Each Jail (A,B,C) has it's own private lan IP
Each jail runs several services (i.e. sshd [22], httpd [443], zeromq [5535] etc)
The SERVER accepts connections on these ports (22,443,5535 etc.) and depending on the Client's request to (A,B,C).domain.com, "forwards" the request to the appropriate Jail (A,B or C) via the PROXY.

i.e 
Client.A (ssh user@A.domain.com:22) --> [SERVER/PROXY.domain.com:22] --> Jail.A A.domain.lan:22
Client.B (zeromq_subscribe B.domain.com:5535) -> [SERVER/PROXY.domain.com:5535] --> Jail.B B.domain.lan:5535

If these were just http requests, this could easily be done for example with nginx reverse proxy. 
But how could you forward service requests based not only on IP/Domain (Layer 3) but combined also also with Application protocols (Layer 7) and/or data transfer protocols (Layer 4)?

Is net/haproxy what I am looking for, or am I missing a complete different implementation for example with pf and NAT/Port forwarding under FreeBSD?

Thank you in advance for your time.


----------



## SirDice (Jan 4, 2021)

DemoNIck said:


> The SERVER accepts connections on these ports (22,443,5535 etc.) and depending on the Client's request to (A,B,C).domain.com, "forwards" the request to the appropriate Jail (A,B or C) via the PROXY.
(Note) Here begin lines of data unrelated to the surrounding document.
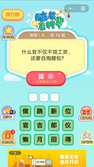 微信小腦筋答案第11-20關_微信小程序小腦筋攻略第11-20關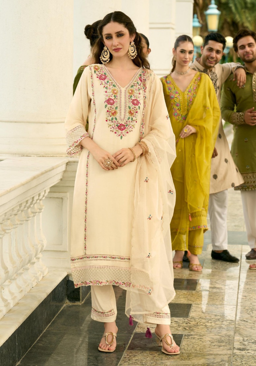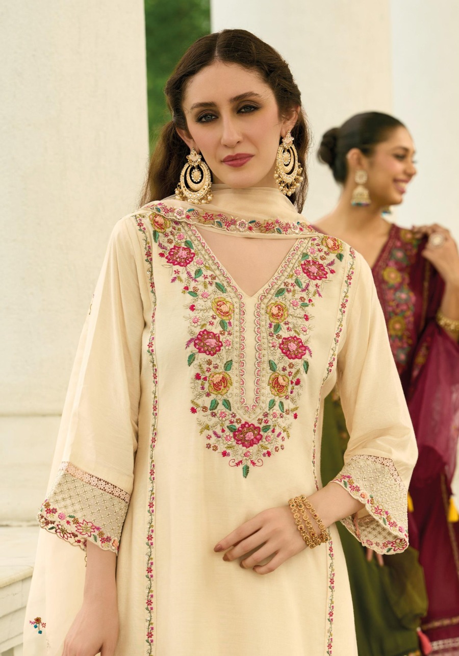 Step into a world of refined elegance with our pure mull chanderi hand work collection. This ensemble is a celebration of traditional craftsmanship blended with modern silhouettes, perfect for festive gatherings and special occasions.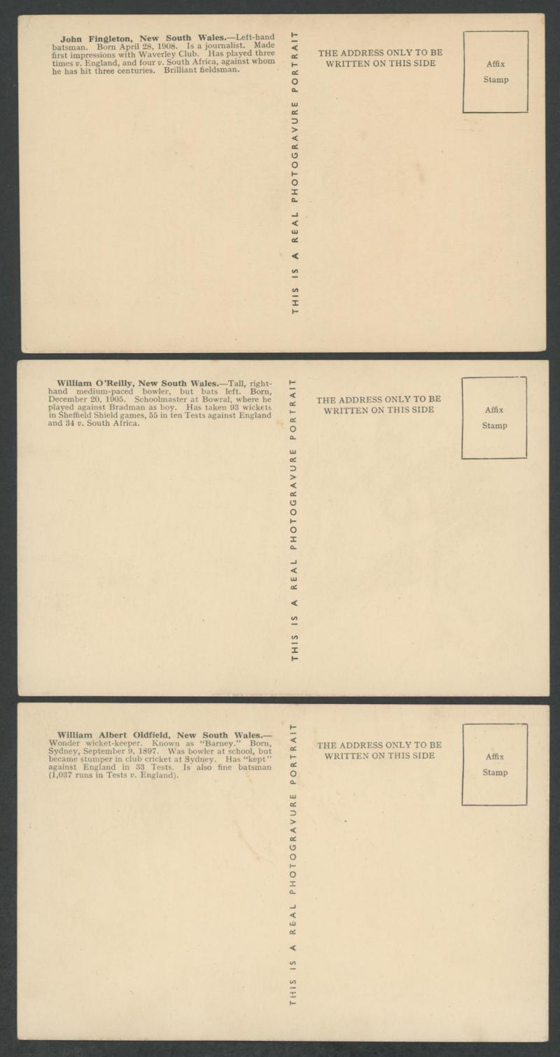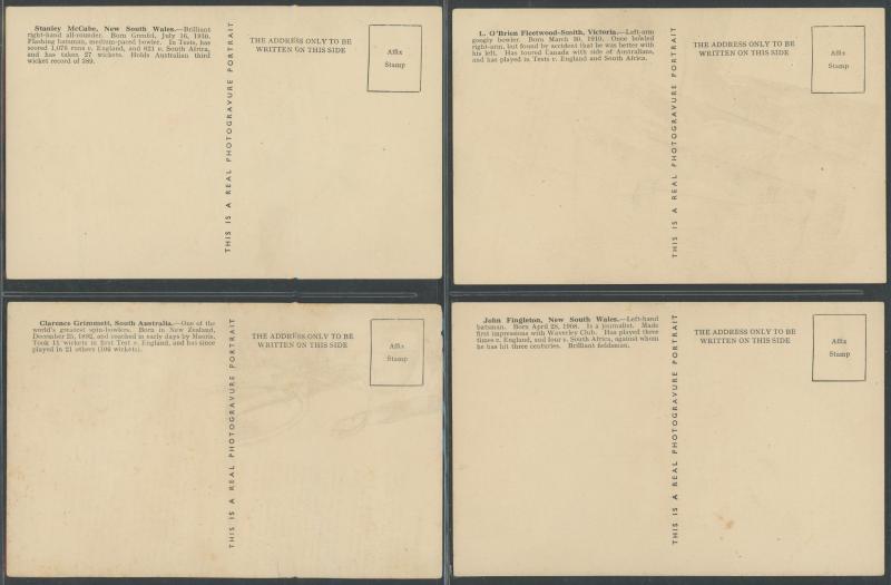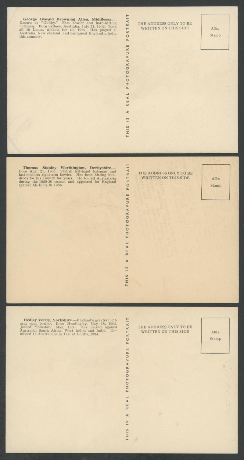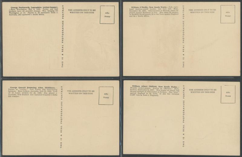 Chipperfield, Darling, Fingleton, Fleetwood-Smith, Grimmett, McCabe, Oldfield, O'Reilly, Allen, Duckworth, Fagg, Fishlock, Hammond, Hardstaff, Leyland, Robins, Verity & Worthington, Fine/Very Fine. Rare as a complete set.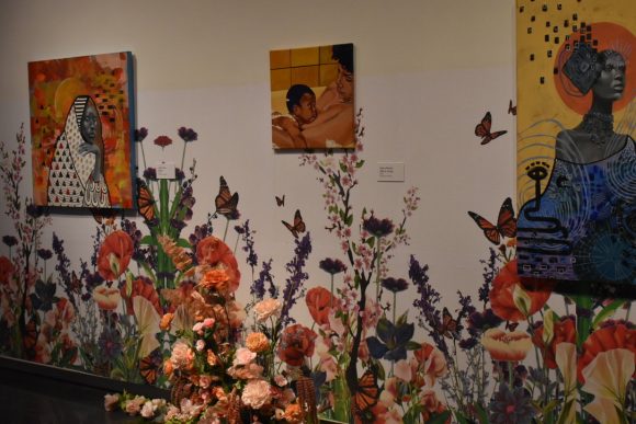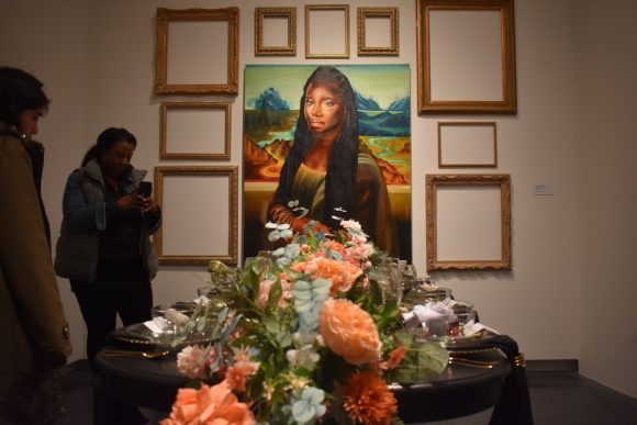 The exhibit featured works such as “A Seat at the Table,” which was conceived by Ross and Billingsley and designed by artists Eileen Herrera and Kiana Gatling with florals from Black + Blossomed, a Black-owned floral design business located in Denver. The table serves as a symbolic feast in which elements of the table represent the multifaceted roles of Black women throughout history.

You can't "proxy" SSH, there's nothing in the protocol that would allow it to be proxied based on a Host: header or something similar. This may be the case for MQ too but I don't know enough details about the protocol. 



DemoNIck said:


> Is net/haproxy what I am looking for


For HTTP(S) based, yes. I would definitely recommend it. 



DemoNIck said:


> or am I missing a complete different implementation for example with pf and NAT/Port forwarding under FreeBSD?


You can redirect a port only to one host (you can redirect to multiple hosts but this will work in a round-robin kind of way). There's nothing in the TCP/IP protocol you can use to 'detect' if the packet should go to jail A or B. There's no "trick" you can use here, TCP/IP simply doesn't work that way.


----------



## SirDice (Jan 4, 2021)

SirDice said:


> You can't "proxy" SSH, there's nothing in the protocol that would allow it to be proxied based on a Host: header or something similar.


That said, you can do some interesting tricks with `ProxyJump` and/or `ProxyCommand` in your .ssh/config. 









						SSH to remote hosts through a proxy or bastion with ProxyJump
					

Here are some tricks for using SSH through a proxy or bastion quickly.




					www.redhat.com
				



(Yes, it's RH, but it's a nice and clear example and should work on FreeBSD too)


----------



## DemoNIck (Jan 5, 2021)

Thank you SirDice for your quick response. 
I think I will stick to the "traditional" approach of  NAT/port-forwarding of different ranges of SERVERorts to each jail/host.

This thread could be closed.


----------



## SirDice (Jan 5, 2021)

DemoNIck said:


> I think I will stick to the "traditional" approach of NAT/port-forwarding of different ranges of SERVERorts to each jail/host.


For HTTP(S) you can still use www/haproxy. The great thing about this is that you can have everything running on a single IP and the 'standard' ports (80, 443). For SSH you could use the `ProxyJump` trick but it depends on _who_ will actually use that. If it's only for you to manage those jails then it should be fine. If it's for 'ordinary' people without much experience having the SSH of the jails running on different ports is probably easier to explain/use.


----------